Active Learning Strategies for Efficient Machine-Learned Interatomic Potentials Across Diverse Material Systems

Efficient discovery of new materials demands strategies to reduce the number of costly first-principles calculations required to train predictive machine learning models. We develop and validate an active learning framework that iteratively selects informative training structures for machine-learned interatomic potentials (MLIPs) from large, heterogeneous materials databases, specifically the Materials Project and OQMD. Our framework integrates compositional and property-based descriptors with a neural network ensemble model, enabling real-time uncertainty quantification via Query-by-Committee. We systematically compare four selection strategies: random sampling (baseline), uncertainty-based sampling, diversity-based sampling (k-means clustering with farthest-point refinement), and a hybrid approach balancing both objectives. Experiments across four representative material systems (elemental carbon, silicon, iron, and a titanium-oxide compound) with 5 random seeds per configuration demonstrate that diversity sampling consistently achieves competitive or superior performance, with particularly strong advantages on complex systems like titanium-oxide (10.9% improvement, p=0.008). Our results show that intelligent data selection strategies can achieve target accuracy with 5-13% fewer labeled samples compared to random baselines. The entire pipeline executes on Google Colab in under 4 hours per system using less than 8 GB of RAM, thereby democratizing MLIP development for researchers globally with limited computational resources. Our open-source code and detailed experimental configurations are available on GitHub. This multi-system evaluation establishes practical guidelines for data-efficient MLIP training and highlights promising future directions including integration with symmetry-aware neural network architectures.
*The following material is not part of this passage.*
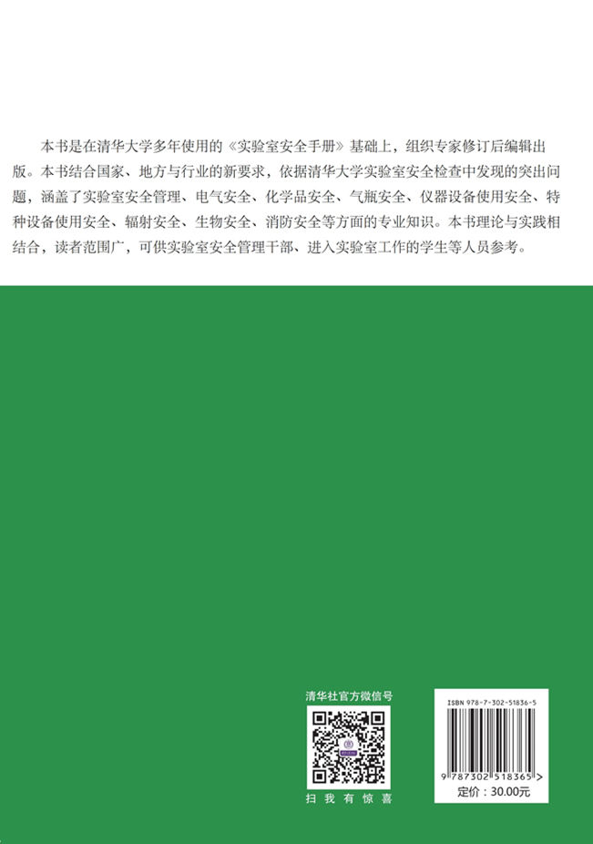实验室是高等院校及研究院所等单位教学实践和科学研究的主要基地。近年来,随着高校科研水平的提高及学科建设的迅速发展,实验室建设投入不断增加,实验室安全面临着巨大的压力,事故时有发生,对人才培养工作造成了一定的负面影响。因此,发布普适性的安全手册,传播实验室安全文化,在师生员工进入实验室工作之前获取必备的安全知识,显得意义重大。《清华大学实验室安全手册》是清华大学实验室与设备处老师组织管理干部和安全专家进行分工,依据国家与地方的最新制度与技术规范,结合在实验室教学与管理中发现的实际问题,按专业类进行编排修订而成。对保护广大实验室管理者与实验操作人员的职业健康与安全意义重大。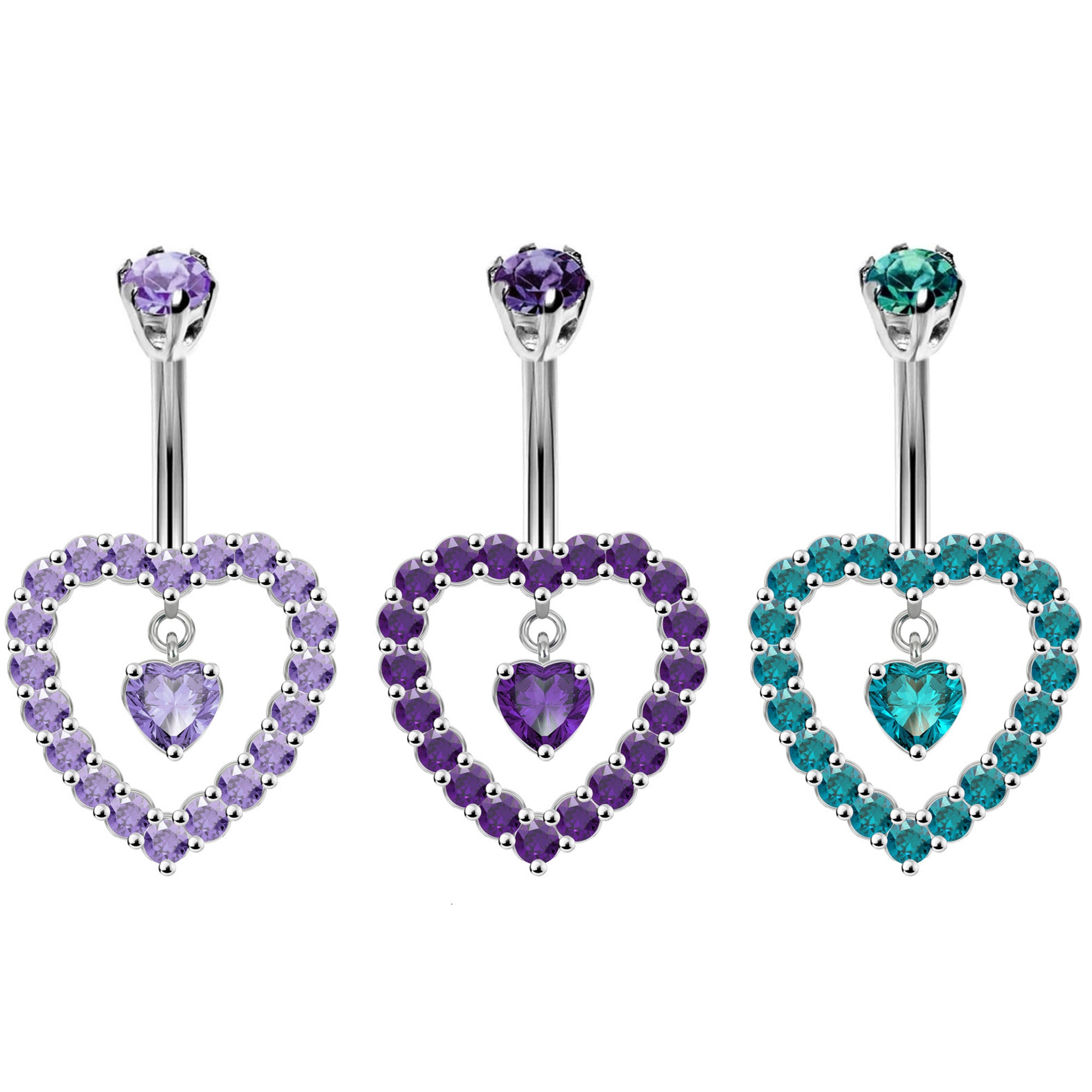 Designer Belly Button Ring - Silver - Heart hole with Heart Dangle Belly Ring made of CZ Crystals - Belly Button - 14g (1.6mm)

翻译：新材料的高效发现需要减少训练预测性机器学习模型所需的高成本第一性原理计算次数。我们开发并验证了一种主动学习框架，该框架能够从大型异质材料数据库（特别是Materials Project和OQMD）中迭代选择信息丰富的训练结构，用于机器学习原子间势能（MLIPs）的训练。我们的框架将成分与基于性质的描述符与神经网络集成模型相结合，通过委员会查询实现实时不确定性量化。我们系统比较了四种选择策略：随机采样（基线）、基于不确定性的采样、基于多样性的采样（采用最远点优化的k均值聚类）以及平衡两者目标的混合方法。在四个代表性材料系统（单质碳、硅、铁以及钛氧化物化合物）上进行的实验（每种配置使用5个随机种子）表明，多样性采样始终能取得竞争性或更优的性能，在钛氧化物等复杂系统上优势尤为显著（性能提升10.9%，p=0.008）。我们的结果表明，与随机基线相比，智能数据选择策略能以减少5-13%的标记样本量达到目标精度。整个流程在Google Colab上执行，每个系统耗时不足4小时且内存占用低于8 GB，从而为全球计算资源有限的研究者降低了MLIP开发门槛。我们的开源代码及详细实验配置已发布于GitHub。这项多系统评估为数据高效的MLIP训练建立了实用指南，并指出了有前景的未来研究方向，包括与对称感知神经网络架构的集成。